Grimaldi d’oro – Martina Grimaldi, nell’ultimo giorno di gare del programma del nuoto di fondo,  è andata a prendersi di rabbia e di potenza nella 25 km quell’oro che tutti si aspettavano da lei nella 10 km e che alla fine non era arrivato. Nello sprint al fotofinish con la tedesca Angela Maurer e l’americana Eva Fabian, la Grimaldi ha sfoderato forse il miglior finale di gara della sua carriera, bruciando le avversarie e salvando sul finale il Mondiale dell’Italfondo, che fino all’oro odierno della sua atleta di punta non aveva raccolto granché  in questa rassegna iridata.

La 23enne bolognese, allenata da Fabio Cuzzani, non era mai salita sul podio iridato nella distanza più lunga del nuoto in acque libere. Finora aveva conquistato due medaglie di bronzo europee a Balaton nel 2010 e a Piombino nel 2012. Nella 10 km aveva invece conquistato il bronzo olimpico a Londra, oltre all’oro ai Mondiali 2010 e agli europei 2011 e 2012.

Cagnotto doppio argento –  Voleva smettere dopo la delusione di Londra (due quarti posti). Per fortuna non l’ha fatto. Tania Cagnotto ha ancora molto da dire e lo ha dimostrato nella rassegna iridata di Barcellona che lascia con due bellissimi argenti sul collo. Il primo, conquistato in compagnia di Francesca Dallapè nei tuffi sincronizzati da tre metri con il punteggio di 307,80 dietro le inarrivabili cinesi. Il secondo nella gara individuale da un metro dove Tania ha sfiorato l’impresa, arrivando a solo 10 centesimi  di punto dall’oro conquistato dalla cinese He Zi.
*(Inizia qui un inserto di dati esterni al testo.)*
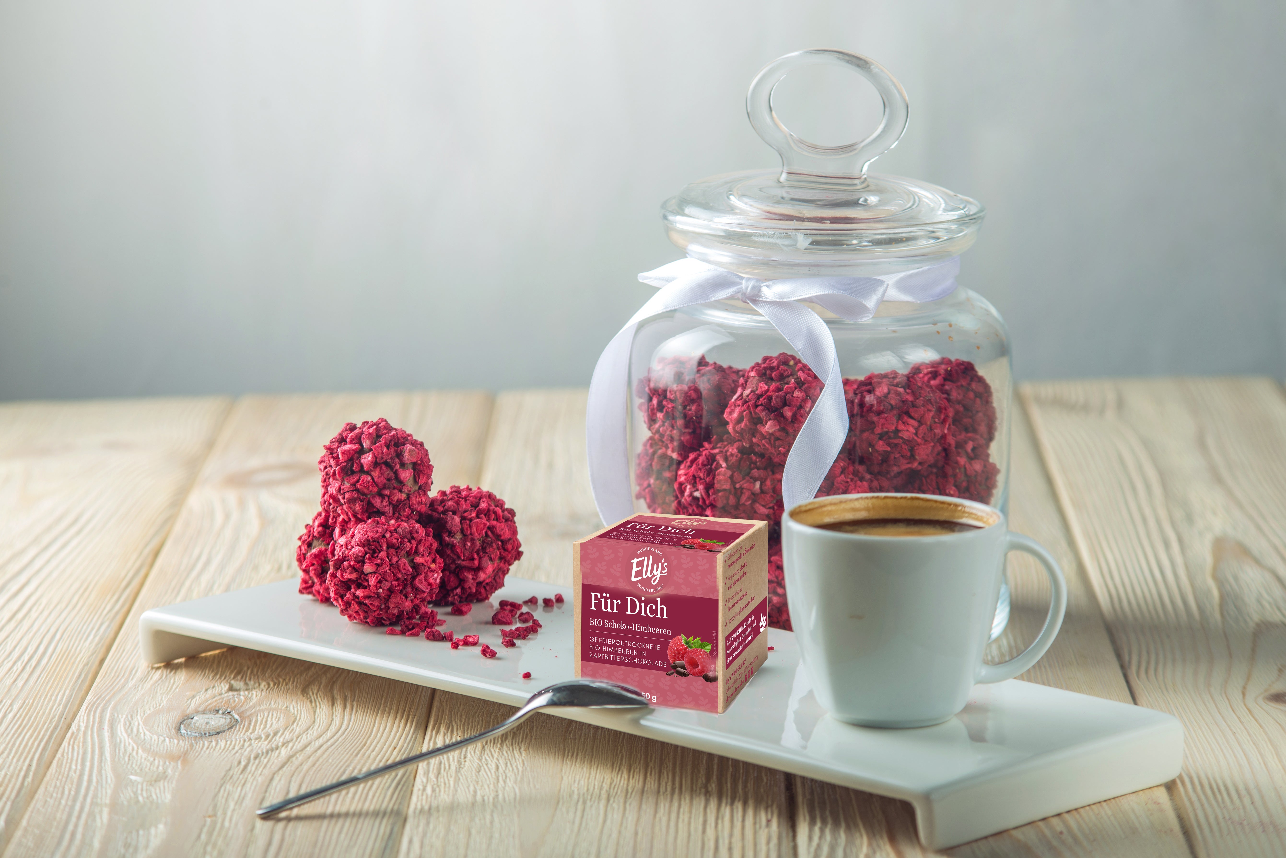 Die gefriergetrockneten Bio-Himbeeren sind frei von künstlichen Zusatzstoffen und nach Wunsch von 25 Gramm bis 45 Gramm erhältlich. Unser Schokoladensortiment wird mit frischen Bio-Himbeeren gefüllt, die sorgfältig gefriergetrocknet werden. Darüber hinaus bieten wir Ihnen auf Wunsch individuelle un-schokolierte Waren an, die auf Ihre Bedürfnisse abgestimmt sind.

Una beffa perché la bolzanina era avanti di cinque punti prima dell’ultimo tuffo.  Questi risultati consegnano comunque la Cagnotto nella storia del nuoto italiano: Tania è la prima atleta della Federnuoto a conquistare medaglie in cinque Mondiali consecutivi dopo il bronzo nel trampolino 3m a Montreal 2005, Melbourne 2007, Roma 2009 e quello da un metro a Shanghai 2011.

Pieno di rammarico, invece il Mondiale di Maria Marconi.  Dopo il quarto posto nella gara di un metro, l’atleta romana ha sognato per lunghi tratti il riscatto nella gara da 3 metri.  Al secondo posto, dopo il terzo round di tuffi, alle spalle, soltanto, dell’imprendibile He Zi, tutto lasciava presagire ad una passeggiata trionfale verso una medaglia facile, ma Maria si è rovinata la giornata con un tuffo sciagurato che l’ha fatta precipitare fino al settimo posto complessivo. A nulla è valso un grande tuffo finale, che l’ha issata al sesto posto finale, se non a far crescere ancora di più il rimpianto per un risultato che era alla sua portata.